§ **REQUIRED WORK**: Copy the lines from the start of the records below through the line containing "① 다운로드 폴더에서 ② 파일을 찾아서 더블 클릭하여 실행", both included, and leave out the pictures.

(INFORMATION GIVEN Opens)

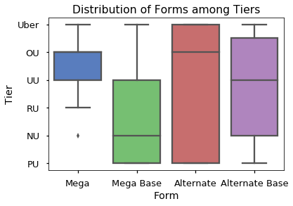 Since I knew the variance was so high relative to the median, I should have used a point plot instead. Another example is when I visualized the distribution of forms among the tiers:
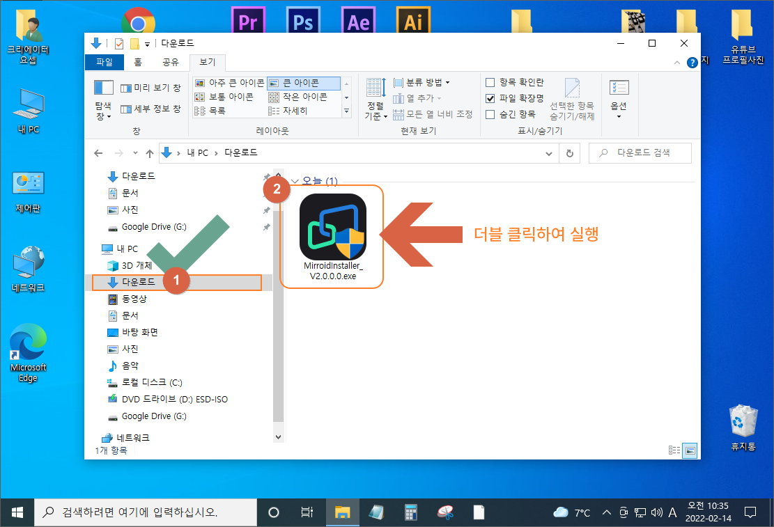 ① 다운로드 폴더에서 ② 파일을 찾아서 더블 클릭하여 실행
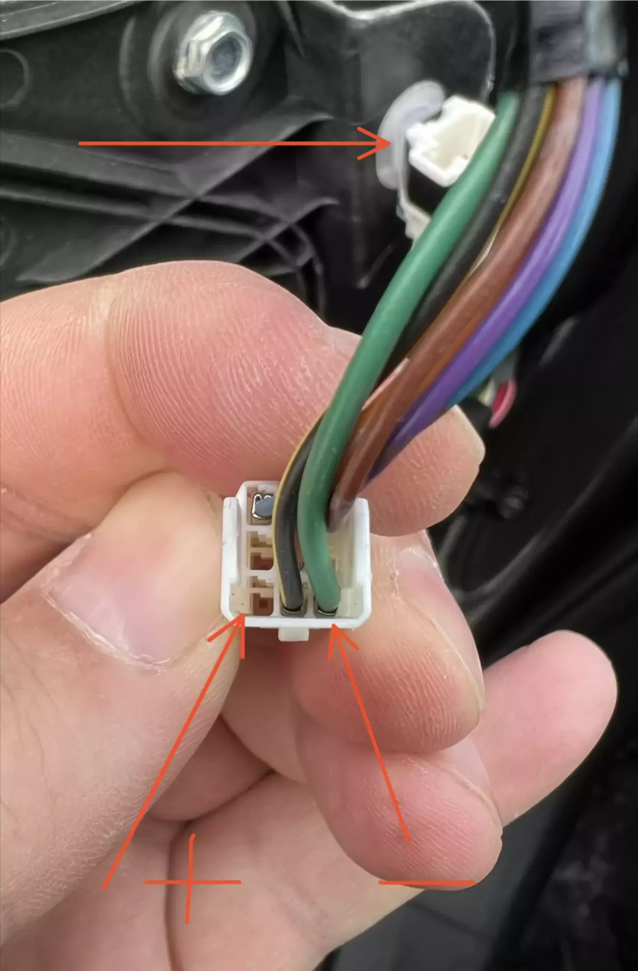 1. Перевірити наявність проводу живлення (піна) в розʼємі на двері, до якого підключається фішка дзеркала. Для цілого потрібно зняти карту двері ліва/права, відʼєднати фішку дзеркала, на розʼємі який на двері треба знайти мультіметром плюсовий пін (+провід) на якому зʼявляється живлення при вмиканні кнопки підігріву вікна/дзеркал.
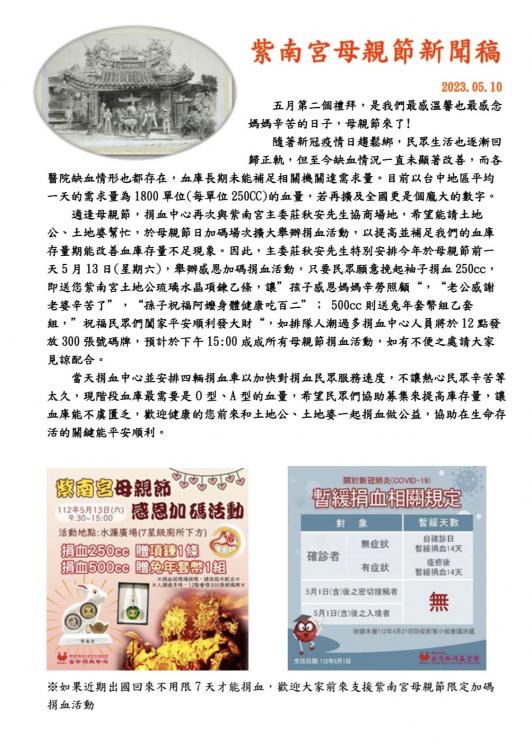 捐血中心5月份訊息
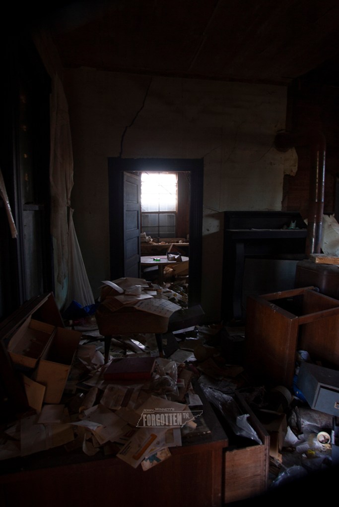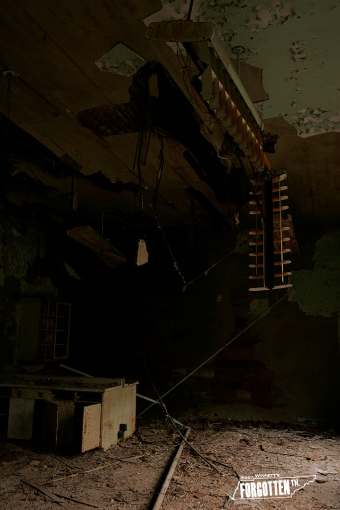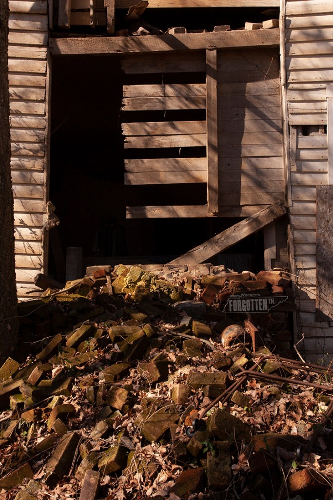 Between the two buildings was a corridor that was overgrown with weeds and small saplings. Broken windows, and giant splinters of the roof beckoned me to come closer. “Shit”! Ouch! Crap” I forgot that another common trait found in abandoned places are sticker bushes, and thorn bushes. They suck. Earlier this year in Johnson City an exploration came to a dead stop due to an acre or more of such bushes that covered the field. But whatever, I made my way to a window that looked in on the first story of the original school structure. I held my camera up and looked through its LCD to get see if it might be safe for me to enter. That was a resounding no. Two major red flags were immediately visible. What remained of the school’s ceiling and roof was only a strong wind from completely falling in and pancaking the upon the floor. The floor itself? Yeah, I could see large sections that had already collapsed into the basement. I shivered because I was in that basement not too long ago. I abandoned any thought of climbing in through the window and made my way back to the front of the school and then went left and into the building. Yes, I know I said I’d not go in, but upon further examination I found that the front section of the building’s floor was concrete. The rooms beyond that had wooden floors that were collapsing. Turning in a circle shooting away I decided that I’d found myself in a place that was spookier than the basement. The very real possibility of danger was palpable, the light was scarce, coupled with the burnt out ceiling gave a truly oppressive atmosphere. Its at times like this that I remember why its a good idea to explore such places with a buddy.
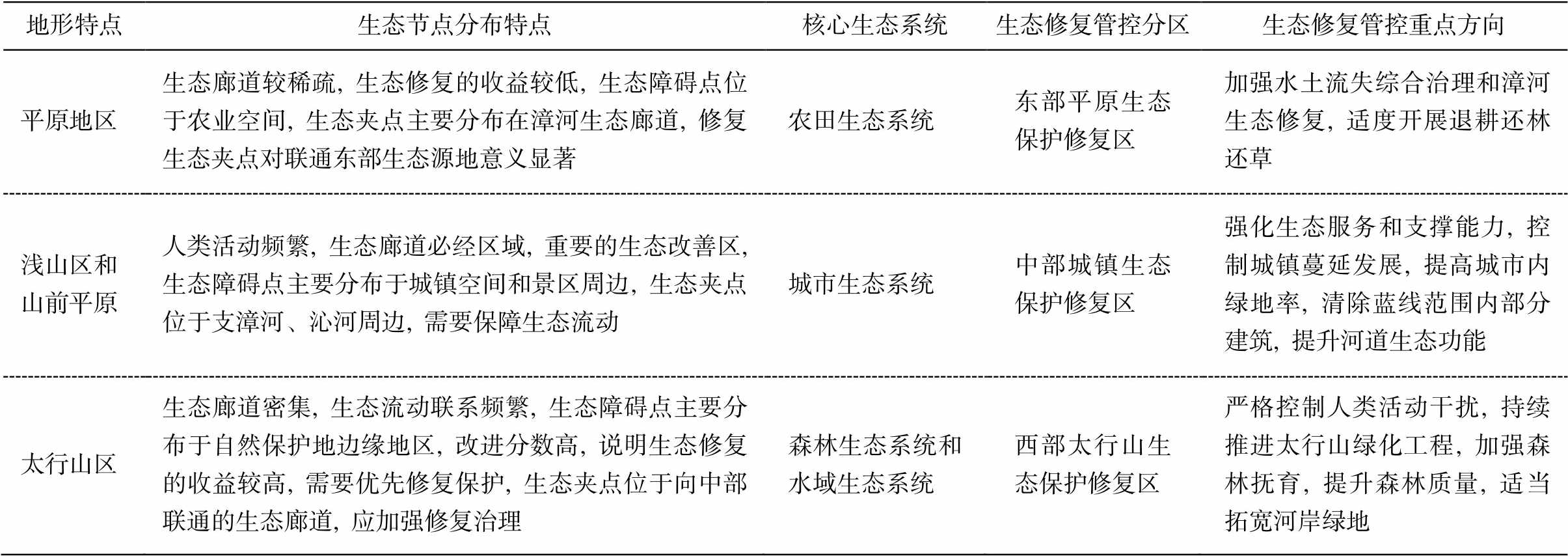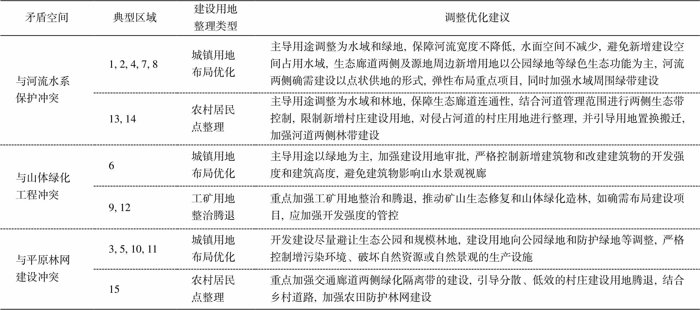 本文从 3 个方面推进规划应用的拓展: 1)将廊道线性要素转化为宽度指标, 通过情景模拟, 确定不同区域的最佳宽度方案, 据此提出廊道管控要求; 2)通过识别生态夹点和生态障碍点, 并叠加生态系统特征, 划分不同类型的修复区; 3)叠加村庄、工矿、城镇、交通等建设用地, 判别矛盾冲突空间与潜在的整理空间, 推动重点区域建设用地的整治。
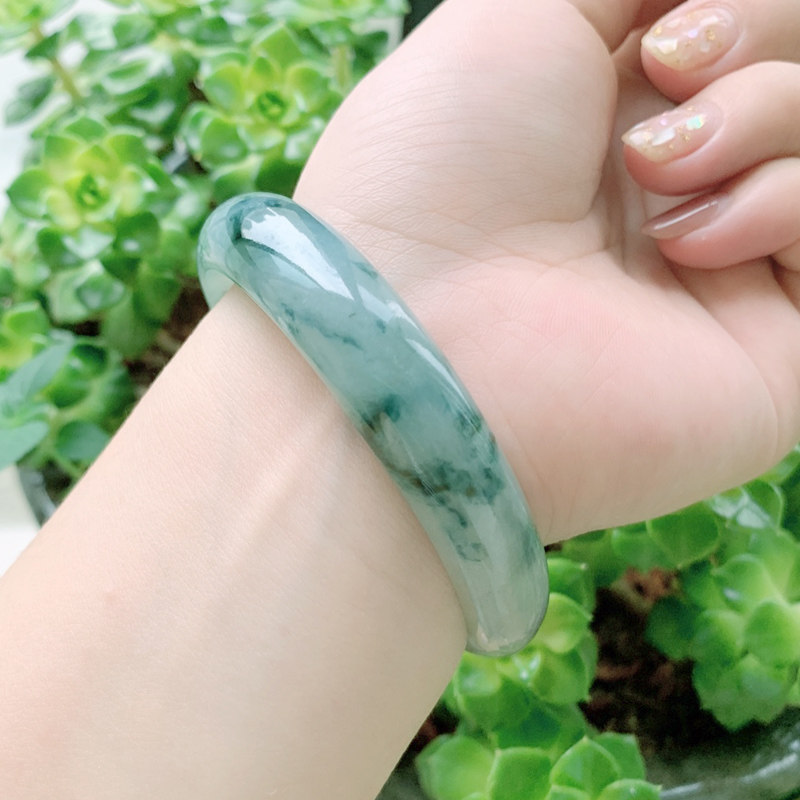 Natural old pit A goods floating flower green jade bracelet delicate with national certificate Beauty rhyme Jade bracelet live room
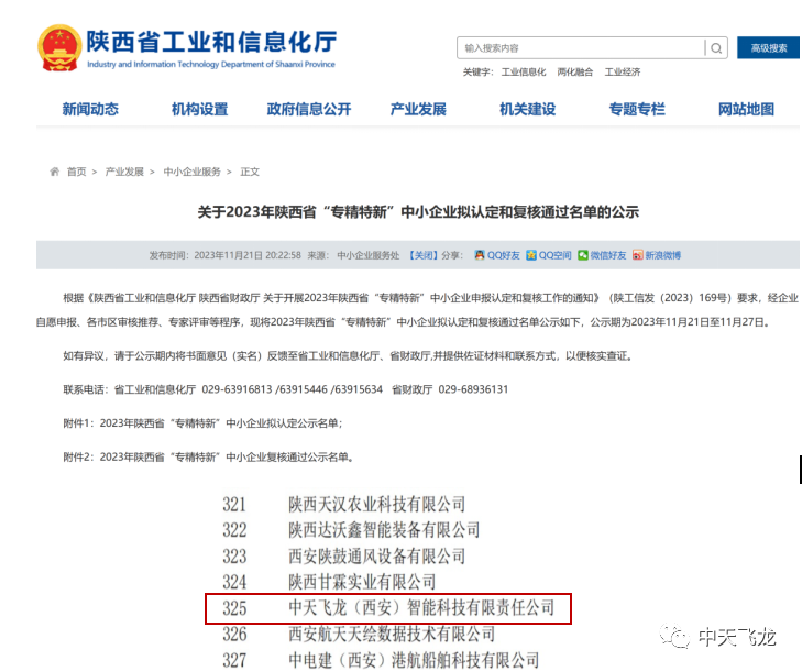 近日,中天飞龙顺利通过2023年陕西省“专精特新”中小企业认定,这一殊荣标志着公司在专业化、精细化、特色化、新颖化发展道路上取得了阶段性成果,是公司发展的重要里程碑。
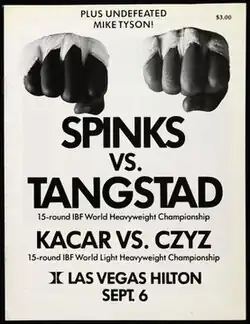 The Spinks–Tangstad main event was supplemented with a Bobby CzyzSlobodan Kačar IBF light heavyweight title bout, in which Czyz would win his first of two world titles by knocking out Slobodan Kačar in the fifth round.[8] Also on the undercard, Mike Tyson knocked out Alfonso Ratliff in the second round in what was his final fight before entering the heavyweight unification series and challenging Trevor Berbick for the WBC heavyweight title.[9]
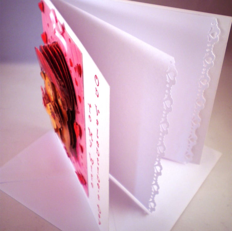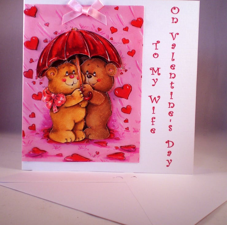 A white square card measuring 144x144 (5.5x5.5in) has two cute teddies in love cuddling under an umbrella. The images are decoupage/3D and the greeting is printed in red directly onto the card. Insert is white with a heart punched border . There is no message in the card
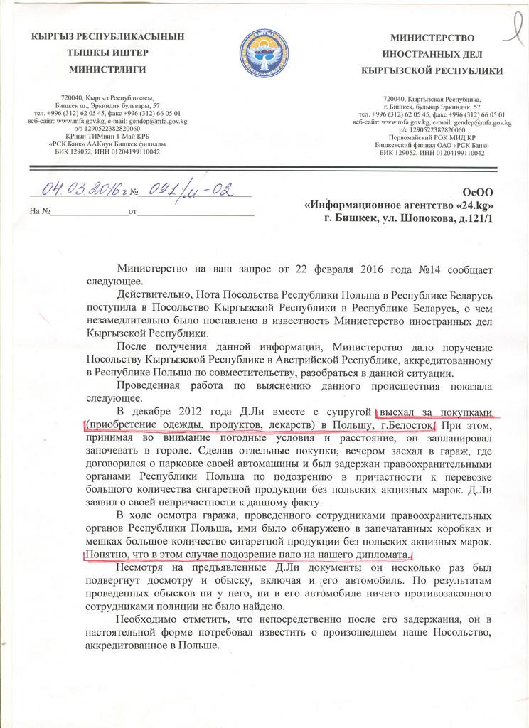 Я прошу пардону, конечно, но какое это имеет отношение к вопросам, адресованным редакцией министерству? Напомним, в ИА «24.kg» попала нота Посольства Республики Польша в Беларуси в Посольство КР в Беларуси о задержании в 2012 году в городе Белостоке (Польша) двух кыргызстанских дипломатов - Дмитрия Ли, 1976 года рождения, имеющего дипломатический паспорт КР AD000381, выданный 8 октября 2012 года и действительный до 8 октября 2017-го, и Айгуль Джеенкуловой, 1978 года рождения, имеющей дипломатический паспорт КР AD002780, выданный 4 октября 2011-го и действительный до 4 октября 2016 года. Согласно документу, вышеуказанные лица на легковом автомобиле марки AUDI (регистрационный номер CD1809-7) доставили в гараж жилого дома в городе Белостоке около тысячи блоков сигарет стоимостью приблизительно 150 тысяч злотых без польских акцизных знаков. Граждан поместили в камеру предварительного заключения в отделе полиции Белостока на улице Бема, 4. Статс-секретарь Данияр Сыдыков информацию о задержании в Белостоке Дмитрия Ли и его супруги Айгуль подтвердил, сообщив, что МИД поручил посольству КР в Австрийской Республике, аккредитованному в Польше по совместительству, разобраться в ситуации.
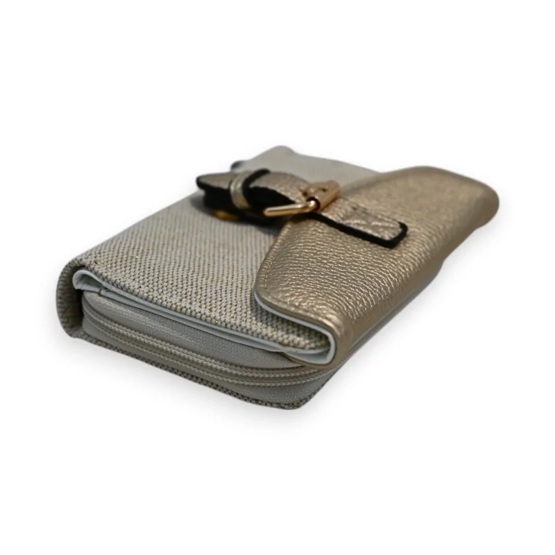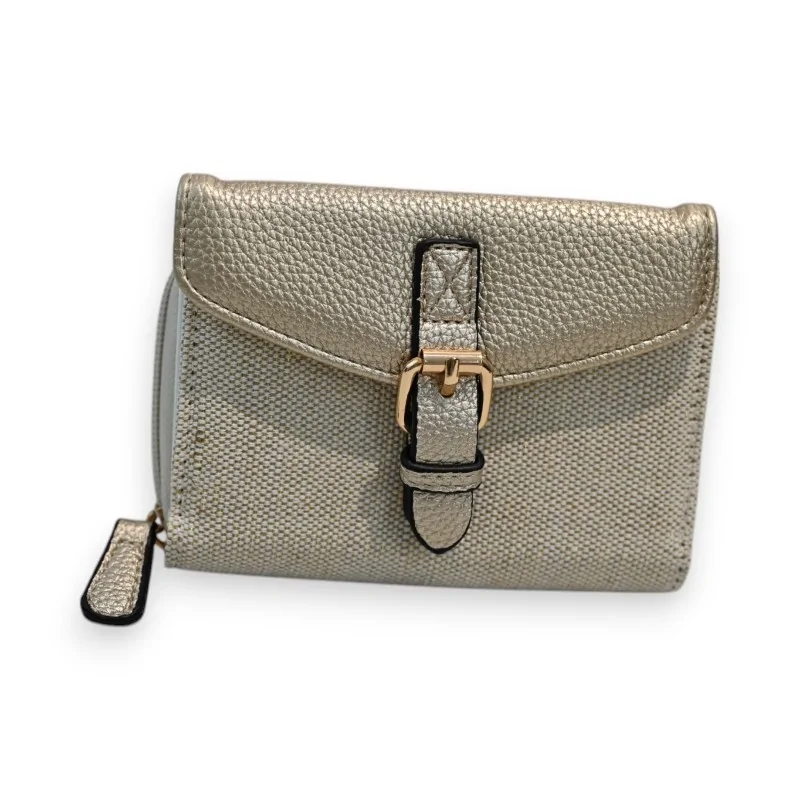 Questo raffinato portafoglio Mélanie Paris unisce elegantemente un tessuto in tela beige con dettagli in sintetico dorato. Le sue dimensioni compatte di 14 x 9 x 2,5 cm lo rendono l'accessorio ideale per l'uso quotidiano. La parte anteriore presenta una patta lucida dorata con chiusura magnetica, completata da una cinghia coordinata per uno stile contemporaneo.
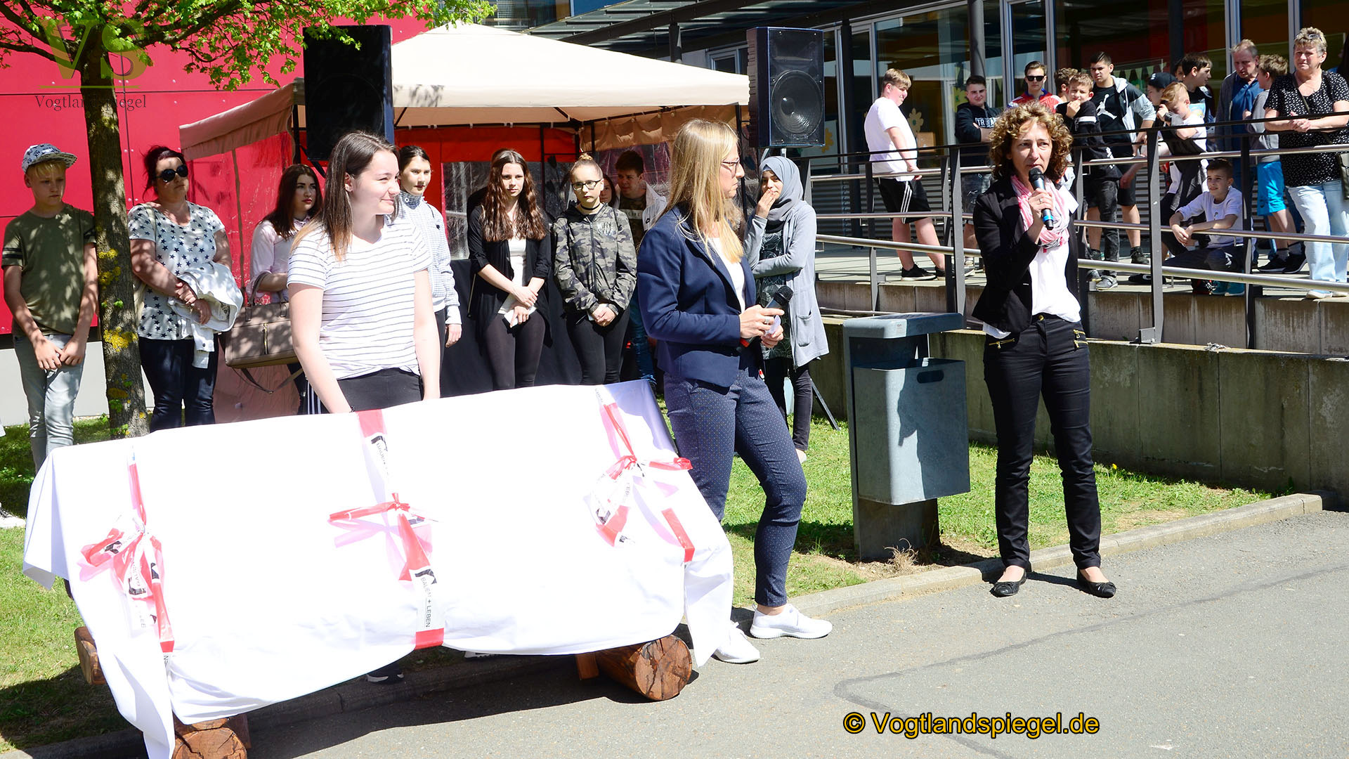 Zur feierlichen Enthüllung der Open Air-Besprechungsecke durch Schulleiterin Silke Solf (l.) Schülersprecherin Julia Geffarth und Beigeordnete des Bürgermeisters, Ines Watzek (r.)
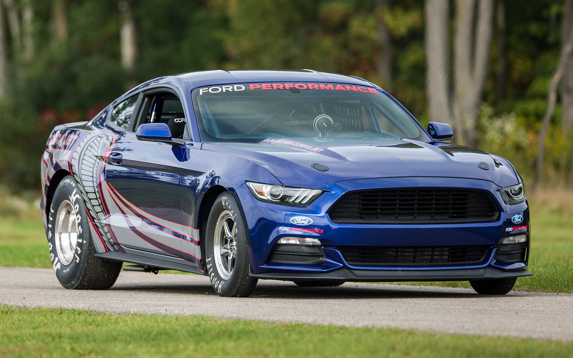 Description: A blue mustang mustang driving down a road with trees in the background and a red and white stripe on the front of the car.
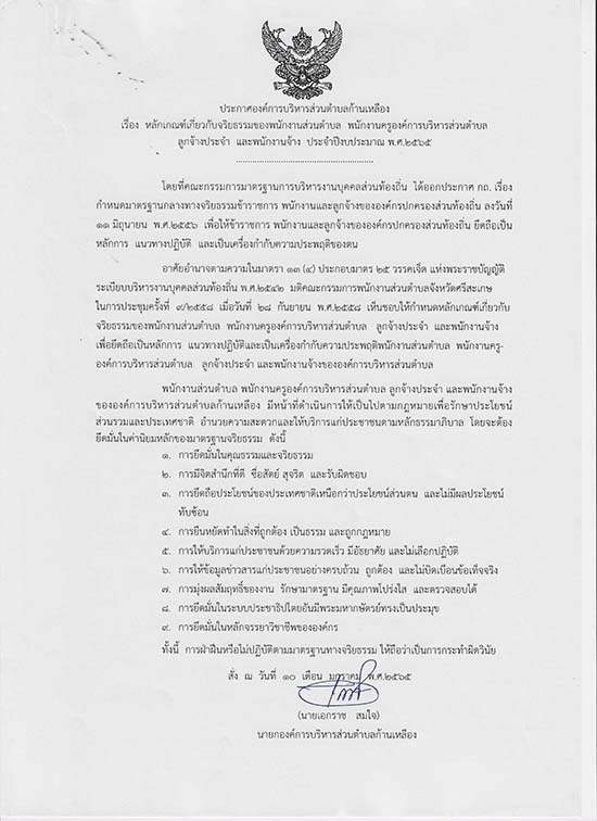āļ›āļĢāļ°āļāļēāļĻāļ­āļ‡āļ„āđŒāļāļēāļĢāļšāļĢāļŦāļēāļĢāļŠāđˆāļ§āļ™āļ•āļģāļšāļĨāļāđ‰āļēāļ™āđ€āļŦāļĨāļ·āļ­āļ‡ āđ€āļĢāļ·āđˆāļ­āļ‡ āļŦāļĨāļąāļāđ€āļāļ“āļ‘āđŒāđ€āļāļĩāđˆāļĒāļ§āļāļąāļšāļˆāļĢāļīāļĒāļ˜āļĢāļĢāļĄāļ‚āļ­āļ‡āļžāļ™āļąāļāļ‡āļēāļ™āļŠāđˆāļ§āļ™āļ•āļģāļšāļĨ āļžāļ™āļąāļāļ‡āļēāļ™āļ„āļĢāļđāļ­āļ‡āļ„āđŒāļāļēāļĢāļšāļĢāļīāļŦāļēāļĢāļŠāđˆāļ§āļ™āļ•āļģāļšāļĨ āļĨāļđāļāļˆāđ‰āļēāļ‡āļ›āļĢāļ°āļˆāļģ āđāļĨāļ°āļžāļ™āļąāļāļ‡āļēāļ™āļˆāđ‰āļēāļ‡ āļ›āļĢāļ°āļˆāļģāļ›āļĩāļ‡āļšāļ›āļĢāļ°āļĄāļēāļ“ āļž.āļĻ.2565

(INFORMATION GIVEN Closes)

§ **RESPONSE BOX**:
 Since I knew the variance was so high relative to the median, I should have used a point plot instead. Another example is when I visualized the distribution of forms among the tiers:
 ① 다운로드 폴더에서 ② 파일을 찾아서 더블 클릭하여 실행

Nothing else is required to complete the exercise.